(Stored data)
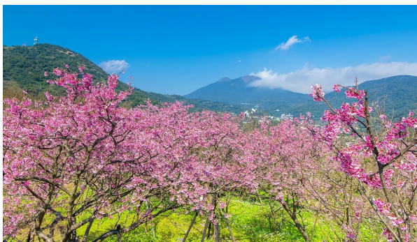
อุทยานแห่งชาติหยางหมิงซาน

PRO PREMIUM BOOKING CENTER WE MAKES GOOD TOUR HAPPEN.
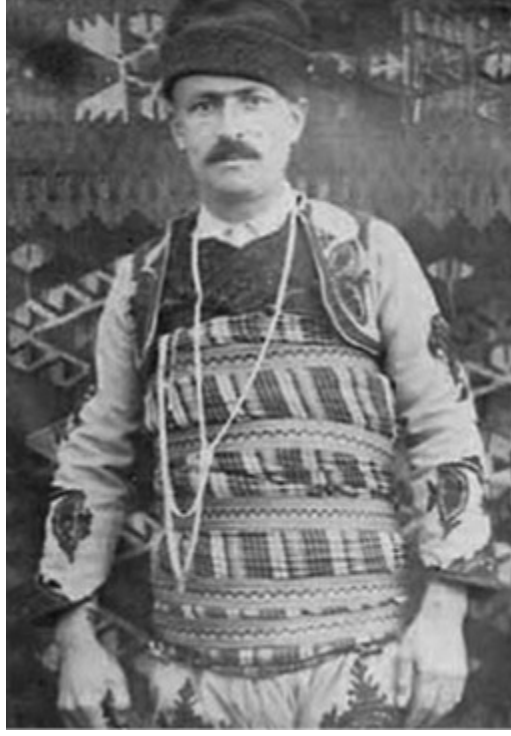
Taşköprülü Sadık Bey

Görüldüğü gibi o günlerde Üstad'la görüşenlerin hepsinde, kelleyi koltuğa alacak bir kahramanlık vasfı bulunmaktadır.
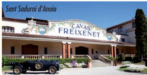
Sant Sadurn d'Anoia

Ausflug Barcelona-Gauditag: Nach dem Frühstück ca. 09.00 Uhr Abfahrt nach Barcelona . Besuch der beiden Gaudi-Häuser „ Casa Mila & Casa Batlló “ (beide Gebäude werden von der RL von aussen erklärt). Anschl. Weiterfahrt zur Sagrada Familia . Bei einem gemütlichen Spaziergang und Besichtigung der Kathedrale erklärt die RL alles Wissenswerte und beantwortet Ihre Fragen. (inkl. Eintritt). Ca. 15.30 Uhr Weiterfahrt zum Parc Güell und Besichtigung der farbenfrohen Gebäude (inkl. Eintritt). Rückfahrt zum Hotel – Abendessen. (fak. € 40.-)
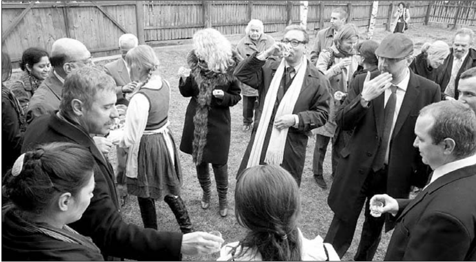
A magyar-indiai barátságra koccintott Kelemen Hunor és vendége Csomakőrösön

Kelemen Hunor kulturális és örökségvédelmi miniszter tegnap Csomakőrösre látogatott Jahwar Sircar indiai kulturális miniszter társaságában. A két ország tárcavezetője a tibetológia megalapítója születésének 226. évfordulójára emlékezve koszorút helyezett el mellszobránál, és látogatást tettek a Kőrösi Csoma Sándor-emlékháznál és -múzeumnál. Az indiai kulturális miniszter hivatalos látogatásra érkezett Romániába, programjában azért szerepelt a csomakőrösi látogatás, mert ő maga kutatóként foglalkozott Kőrösi Csoma Sándor életútjával, munkásságával. Ezt követően Kelemen Hunor sajtótájékoztatót ismertette a Kulturális és Örökségvédelmi Minisztérium 2011-es Országos Műemlék-felújítási Terv Kovászna megyére vonatkozó részleteit. „Az elmúlt években Háromszék hátrányosan megkülönböztették, ami a műemlék épületek felújítását illeti” – értékelte a művelődésügyi miniszter. Elmondta, 2007-ben 4, 2008-ban 3, 2009-ben pedig két műemlék épület szerepelt a kulturális tárca felújítási tervében. Ezzel szemben
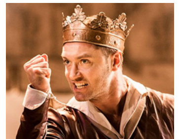
2016 LES CHEVALIERS DE LA TABLE RONDE (Knights of the roundtable) de Guy Ritchie
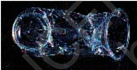
चित्र 4.1 (ब) स्त्री के लिए कंडोम

बाह्य स्खलन या अंतरित मैथुन (कोइटस इन्ट्रप्सन) एक अन्य विधि है जिसमें पुरुष साथी संभोग के दौरान वीर्य स्खलन से ठीक पहले स्त्री की योनि से अपना लिंग बाहर निकाल कर वीर्यसेचन से बच सकता है। स्तनपान अनार्तव (लैक्टेशनल एमेनोरिया) विधि भी इस तथ्य पर निर्भर करती है कि प्रसव के बाद, स्त्री द्वारा शिशु को भरपूर स्तनपान कराने के दौरान अंडोत्सर्ग और आर्तव चक्र शुरू नहीं होता है। इसलिए जितने दिनों तक माता शिशु को पूर्णतः स्तनपान कराना जारी रखती है (इस दौरान शिशु को माँ के दूध के अलावा, ऊपर से पानी या अतिरिक्त दूध भी नहीं दिया जाना चाहिए। यह अवधि 4-6 माह की होती है), गर्भधारण के अवसर लगभग शून्य होते हैं। यह विधि प्रसव के बाद ज्यादा से ज्यादा 6 माह की अवधि तक ही कारगर मानी गई है। चूँकि उपर्युक्त विधियों में किसी दवा या साधन का उपयोग नहीं होता, अतः इसके दुष्प्रभाव लगभग शून्य के बराबर हैं। हालाँकि, इसके असफल रहने की दर काफी अधिक है।
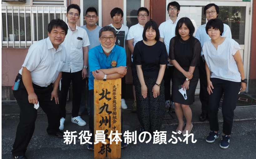
新役員体制の顔ぶれ

の島本代議員を選出し、冒頭、西委員長が「コロナ禍の中でも安全安定輸送に頑張っている組合員の皆さまに敬意を表します。JR東日本の夏季手当が2.4ヶ月、プラス5000円であったことは、大量脱退で労働組合の影響力が低下したの
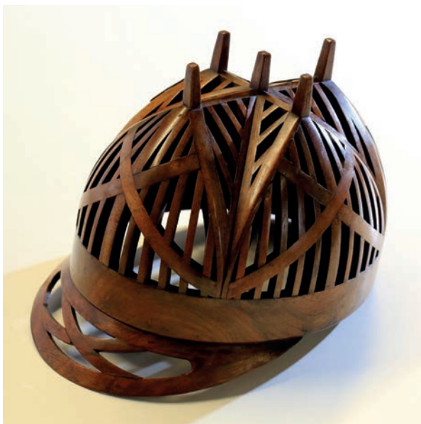
4. Casquette d'un compagnon du Devoir charpentier, Angers, Centre de la mémoire des compagnons du Devoir.

tels John Ruskin, Alois Riegl ou Gottfried Semper, et montre comment cette histoire anonyme permet de présenter les productions artisanales comme des émanations directes d'un art national et « populaire ».
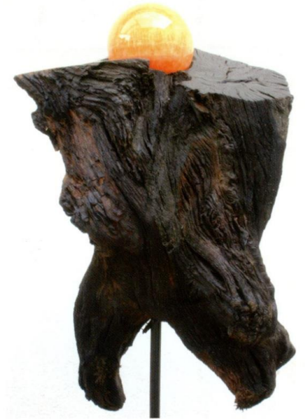
Embraced by history
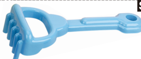
S x 1
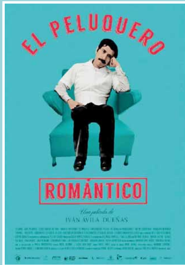
► La cinta se estrenó en la ciudad de Oaxaca a través de OaxacaCine.

Espero que sí, intento que sí. De entrada, no pretendo hacer una comedia, pero sí el drama de una persona en un proceso de restauración, pero con todo el humor, porque los mexicanos usamos el humor para muchas cosas, sobre todo en el contexto masculino, en el proceso masculino de la amistad, la carrilla forma parte fundamental. Es tratar de encon-

Assignment
Your answer should be an exact copy of the entries above, with no images included.

Your solution
อุทยานแห่งชาติหยางหมิงซาน

PRO PREMIUM BOOKING CENTER WE MAKES GOOD TOUR HAPPEN.
Taşköprülü Sadık Bey

Görüldüğü gibi o günlerde Üstad'la görüşenlerin hepsinde, kelleyi koltuğa alacak bir kahramanlık vasfı bulunmaktadır.
Sant Sadurn d'Anoia

Ausflug Barcelona-Gauditag: Nach dem Frühstück ca. 09.00 Uhr Abfahrt nach Barcelona . Besuch der beiden Gaudi-Häuser „ Casa Mila & Casa Batlló “ (beide Gebäude werden von der RL von aussen erklärt). Anschl. Weiterfahrt zur Sagrada Familia . Bei einem gemütlichen Spaziergang und Besichtigung der Kathedrale erklärt die RL alles Wissenswerte und beantwortet Ihre Fragen. (inkl. Eintritt). Ca. 15.30 Uhr Weiterfahrt zum Parc Güell und Besichtigung der farbenfrohen Gebäude (inkl. Eintritt). Rückfahrt zum Hotel – Abendessen. (fak. € 40.-)
A magyar-indiai barátságra koccintott Kelemen Hunor és vendége Csomakőrösön

Kelemen Hunor kulturális és örökségvédelmi miniszter tegnap Csomakőrösre látogatott Jahwar Sircar indiai kulturális miniszter társaságában. A két ország tárcavezetője a tibetológia megalapítója születésének 226. évfordulójára emlékezve koszorút helyezett el mellszobránál, és látogatást tettek a Kőrösi Csoma Sándor-emlékháznál és -múzeumnál. Az indiai kulturális miniszter hivatalos látogatásra érkezett Romániába, programjában azért szerepelt a csomakőrösi látogatás, mert ő maga kutatóként foglalkozott Kőrösi Csoma Sándor életútjával, munkásságával. Ezt követően Kelemen Hunor sajtótájékoztatót ismertette a Kulturális és Örökségvédelmi Minisztérium 2011-es Országos Műemlék-felújítási Terv Kovászna megyére vonatkozó részleteit. „Az elmúlt években Háromszék hátrányosan megkülönböztették, ami a műemlék épületek felújítását illeti” – értékelte a művelődésügyi miniszter. Elmondta, 2007-ben 4, 2008-ban 3, 2009-ben pedig két műemlék épület szerepelt a kulturális tárca felújítási tervében. Ezzel szemben
2016 LES CHEVALIERS DE LA TABLE RONDE (Knights of the roundtable) de Guy Ritchie
चित्र 4.1 (ब) स्त्री के लिए कंडोम

बाह्य स्खलन या अंतरित मैथुन (कोइटस इन्ट्रप्सन) एक अन्य विधि है जिसमें पुरुष साथी संभोग के दौरान वीर्य स्खलन से ठीक पहले स्त्री की योनि से अपना लिंग बाहर निकाल कर वीर्यसेचन से बच सकता है। स्तनपान अनार्तव (लैक्टेशनल एमेनोरिया) विधि भी इस तथ्य पर निर्भर करती है कि प्रसव के बाद, स्त्री द्वारा शिशु को भरपूर स्तनपान कराने के दौरान अंडोत्सर्ग और आर्तव चक्र शुरू नहीं होता है। इसलिए जितने दिनों तक माता शिशु को पूर्णतः स्तनपान कराना जारी रखती है (इस दौरान शिशु को माँ के दूध के अलावा, ऊपर से पानी या अतिरिक्त दूध भी नहीं दिया जाना चाहिए। यह अवधि 4-6 माह की होती है), गर्भधारण के अवसर लगभग शून्य होते हैं। यह विधि प्रसव के बाद ज्यादा से ज्यादा 6 माह की अवधि तक ही कारगर मानी गई है। चूँकि उपर्युक्त विधियों में किसी दवा या साधन का उपयोग नहीं होता, अतः इसके दुष्प्रभाव लगभग शून्य के बराबर हैं। हालाँकि, इसके असफल रहने की दर काफी अधिक है।
新役員体制の顔ぶれ

の島本代議員を選出し、冒頭、西委員長が「コロナ禍の中でも安全安定輸送に頑張っている組合員の皆さまに敬意を表します。JR東日本の夏季手当が2.4ヶ月、プラス5000円であったことは、大量脱退で労働組合の影響力が低下したの
4. Casquette d'un compagnon du Devoir charpentier, Angers, Centre de la mémoire des compagnons du Devoir.

tels John Ruskin, Alois Riegl ou Gottfried Semper, et montre comment cette histoire anonyme permet de présenter les productions artisanales comme des émanations directes d'un art national et « populaire ».
Embraced by history
S x 1
► La cinta se estrenó en la ciudad de Oaxaca a través de OaxacaCine.

Espero que sí, intento que sí. De entrada, no pretendo hacer una comedia, pero sí el drama de una persona en un proceso de restauración, pero con todo el humor, porque los mexicanos usamos el humor para muchas cosas, sobre todo en el contexto masculino, en el proceso masculino de la amistad, la carrilla forma parte fundamental. Es tratar de encon-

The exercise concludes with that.